Песенка эта, несмотря на мутный текст, мгновенно стала хитом. И не было теперь ни одной пьянки, на которой бы её не орали хриплыми голосами под рваные аккорды убитых ротных гитар; и нельзя было найти в батальоне ни одного дембельского альбома, в котором бы её текст не был старательно воспроизведён.

Тут надобно заметить, что сам Моцарт был приписан к клубу, в подразделениях почти не появлялся, и об объектах части имел очень смутное представление. А потому многие метафоры и недоговорки стиха были ему непонятны. Он обратился за разъяснениями к Максу, но тот брезгливо открестился от этого творения, и разъяснять ничего не стал.
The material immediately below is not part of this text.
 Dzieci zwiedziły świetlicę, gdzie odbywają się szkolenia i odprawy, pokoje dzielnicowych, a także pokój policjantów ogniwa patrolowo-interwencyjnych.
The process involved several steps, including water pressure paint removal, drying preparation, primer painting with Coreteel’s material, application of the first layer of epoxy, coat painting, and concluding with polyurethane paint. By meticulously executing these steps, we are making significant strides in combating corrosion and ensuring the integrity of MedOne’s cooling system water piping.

Озадаченный Моцарт долго доставал сослуживцев, пытаясь отыскать стихотворца, но не преуспел. И некоторые образы таинственного текста так и остались неразгаданными. К примеру, никто так и не смог понять, что такое «Заколдованная Голубятня» или кто такие «Отцы Аргона». И даже офицеры подразделений ясности по этому поводу не внесли.

Пожалуй, необычная популярность песенки была связана именно с её непонятностью. Эта недосказанность манила, будоражила воображение, была своеобразным пропуском в закрытый клуб посвящённых.
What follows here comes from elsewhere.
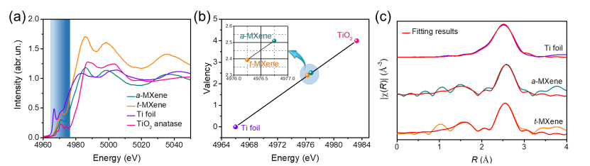 图4. Ti元素的X射线吸收精细结构。(a) a-MXene和t-MXene以及Ti箔和TiO2的Ti K-edge XANES谱。(b)通过参考Ti箔和TiO2的Ti K-edge能量转移,估算a-MXene和t-MXene中的Ti元素的平均氧化态。(c) a-MXene与t-MXene对应的EXAFS R空间拟合曲线。

— Слышь, Махно! А ты песенку про купола слыхал?
— Ну, слыхал. Ну и чо?
— А что значит «все дороги ведут на Ветку»?
— Э, чувак! Типа, ты про Ветку не знаешь?
— Неа!
— Ну ты и тормоз, боец! Ладно, слушай… только не вздумай вякнуть, что это я тебе рассказал!

  И всё было хорошо, покуда отморозку-Моцарту не пришла в голову несчастная идея сбацать эту самую песенку на праздничном концерте силами нашего безымянного вокально-инструментального ансамбля. 
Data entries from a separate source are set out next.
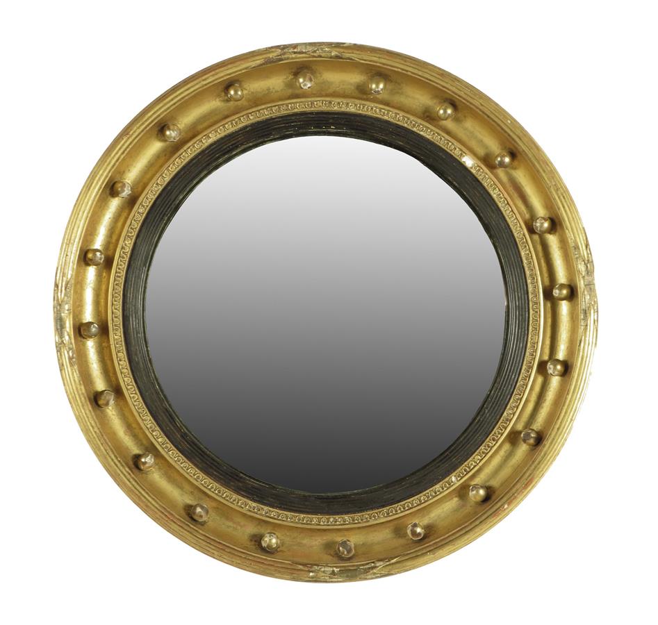 A 19th century giltwood convex wall mirror, the circular plate within an ebonized reeded slip and a ball decorated frame, 57cm diameter.
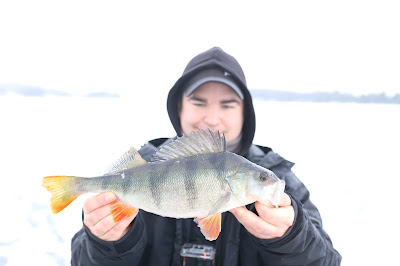 Tradisjon tro, skal man alltid fiske første januar. Og i år var ingen unntak. Jeg fikk dratt med meg Roger ut fra vinterdvalen for litt abborfiske.
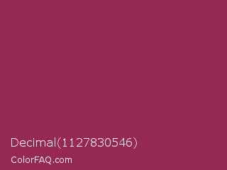 Decimal 1127830546 Color is a normal rose color and the nearest color is Dark Raspberry #872657. Hex code #962954 and RGB value is rgb(150,41,84). In RGB color space, this color is composed of 59% red, 16% green, 33% blue, In CMYK color space, this color is composed of 0% cyan, 73% magenta, 44% yellow , 41% black , In HSL color space, this color has a hue angle of 336° , 57% saturation and 37% lightness.
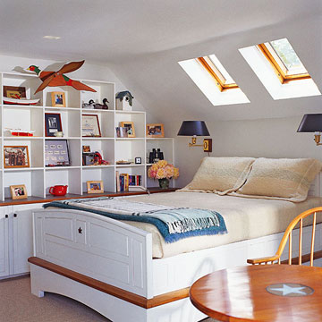Покривните прозорци могат да внесат много светлина, уют и разнообразие в интериора на подобна спалня на подпокривния етаж. Скосяванията на стените Цялата публикация

О, это был не просто фурор! Это был полный трэш, угар и катастрофа. Солдатики, едва заслышав знакомые аккорды, встали на уши. Более того – к ним позорно присоединились некоторые прапорщики и даже младшие офицеры. Исполнители, вдохновлённые бурной реакцией зала, совершенно распоясались – и безобразие случилось немыслимое.

Моцарт, выступавший в роли вокалиста, «нарушил установленную форму одежды и принимал на сцене непристойные позы». Гитарист Сашка-Пивень пал на колени, урезал дикое соло в самых паскудных традициях Блэкмора или Хендрикса и порывался разбить гитару об колонку. Двухметровый клавишник Андрюха-Клоп, впав в раж, долбил свою «Юность» с такой удалью, что стойка подломилась, и увесистый аппарат со страшным рёвом грянул об пол. С перепугу, ударник Витька-Черныш упустил из рук палочку; она угодила в софит; тот роскошно полыхнул, осыпав сцену дивными искрами; нач. клуба метнулся из-за кулис с огнетушителем; по сцене заклубились густо подсвеченные разноцветными лампами клубы углекислотного дыма. Публика ревела от восторга – такого эффектного шоу часть ещё не видала!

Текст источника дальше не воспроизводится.